Critical Care Medicine Department, Clinical Center, and National Heart, Lung, and Blood Institute, National Institutes of Health, Bethesda, MD.
Division of Cardiology, Duke University Medical Center, Durham, NC.
Blood. 2024 Nov 14;144(20):2075-2082. doi: 10.1182/blood.2024025927.
A "restrictive" red blood cell transfusion threshold, a hemoglobin concentration <7 to 8 g/dL, has long been recommended for most hospitalized patients including anemic patients with stable cardiovascular disease (CVD). Although no threshold recommendation is given for acute coronary syndromes (ACSs), recent evidence suggests that "liberal" rather than "restrictive" transfusion strategies are associated with significantly improved safety for hospitalized patients with stable CVD and/or ACS. This finding suggests that previously available data were misinterpreted. Conclusions drawn from earlier transfusion trigger trials have been confounded by unintentional trial design and analysis flaws that have contributed to erroneous recommendations regarding the safety of a restrictive threshold. Subsequently, these conclusions have been incorporated into widely accepted guidelines and clinical practice. Management with a restrictive vs liberal transfusion strategy (<10 g/dL) increases the risk of new-onset ACS in patients with CVD by ∼2%. We estimate that since 2019, using hospital databases and a recent meta-analysis, this practice may have resulted in ∼700 excess ACS events per year in orthopedic surgical patients. Given these findings, transfusion practices in other clinical conditions, particularly those derived from similar transfusion trigger trials, should be questioned. Restrictive and liberal transfusion policies merit a general reconsideration. Rather than a single numerical transfusion trigger, transfusion therapy should be personalized. Consideration of an individual patient's age, clinical status, and comorbidities is integral to transfusing. To avoid making similar errors, future trials of transfusion therapy should determine common practices before study inception and incorporate them as a usual-care "control" comparator arm into the trial design. Such studies should more reliably improve current transfusion practice.

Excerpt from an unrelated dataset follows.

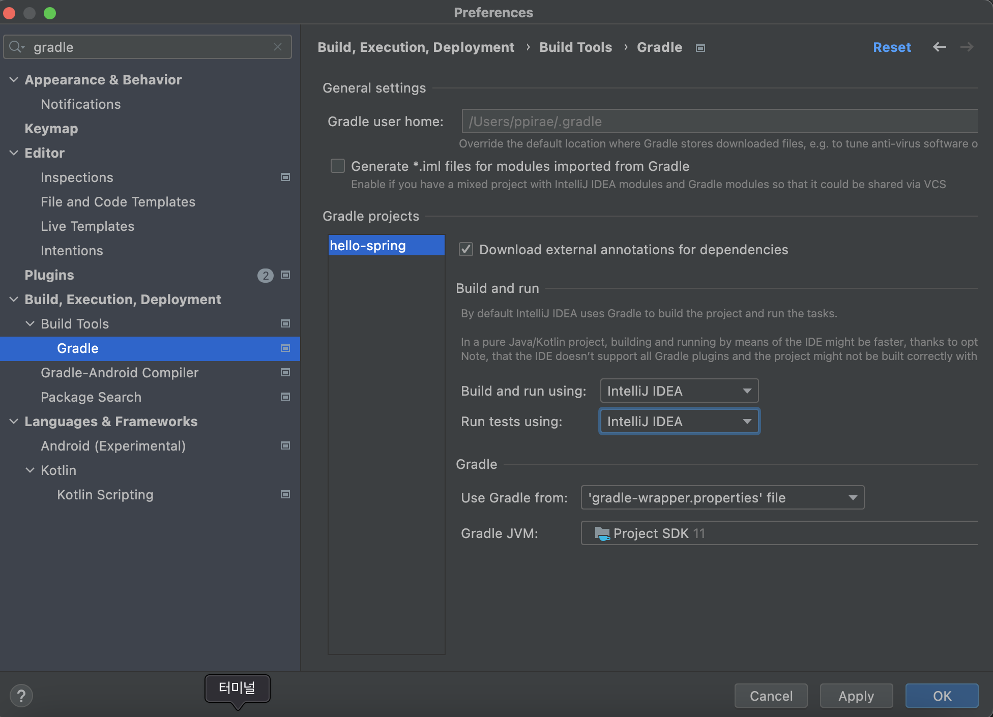 intelliJ Preference - Gradle검색 후 Build and Run using 부분과 Run tests using 부분을 모두
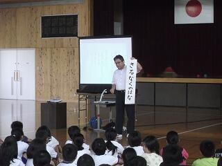 今回は、校長先生が言葉によって学習への興味が高まることをクイズを交えてお話されました。

长期以来,大多数住院患者(包括患有稳定心血管疾病的贫血患者)都建议采用“限制”性的红细胞输血阈值,即血红蛋白浓度<7 至 8 g/dL。尽管没有为急性冠状动脉综合征(ACS)推荐阈值,但最近的证据表明,与“限制”输血策略相比,“宽松”输血策略与稳定 CVD 和/或 ACS 住院患者的安全性显著提高相关。这一发现表明,以前的数据被误解了。从早期输血触发试验中得出的结论受到了试验设计和分析缺陷的影响,这些缺陷导致了关于限制阈值安全性的错误建议。随后,这些结论被纳入了广泛接受的指南和临床实践中。与限制性(<10 g/dL)与宽松输血策略相比,增加了 CVD 患者新发 ACS 的风险约 2%。我们估计,自 2019 年以来,使用医院数据库和最近的荟萃分析,这种做法可能导致每年骨科手术患者中出现约 700 例额外的 ACS 事件。鉴于这些发现,应质疑其他临床情况下的输血实践,特别是那些源自类似输血触发试验的实践。限制和宽松的输血政策值得重新全面考虑。输血疗法不应采用单一的数值输血触发,而应个体化。考虑患者的年龄、临床状况和合并症是输血的重要组成部分。为了避免犯类似的错误,未来的输血治疗试验应在研究开始前确定常见做法,并将其作为常规护理“对照”比较组纳入试验设计。此类研究应更可靠地改善当前的输血实践。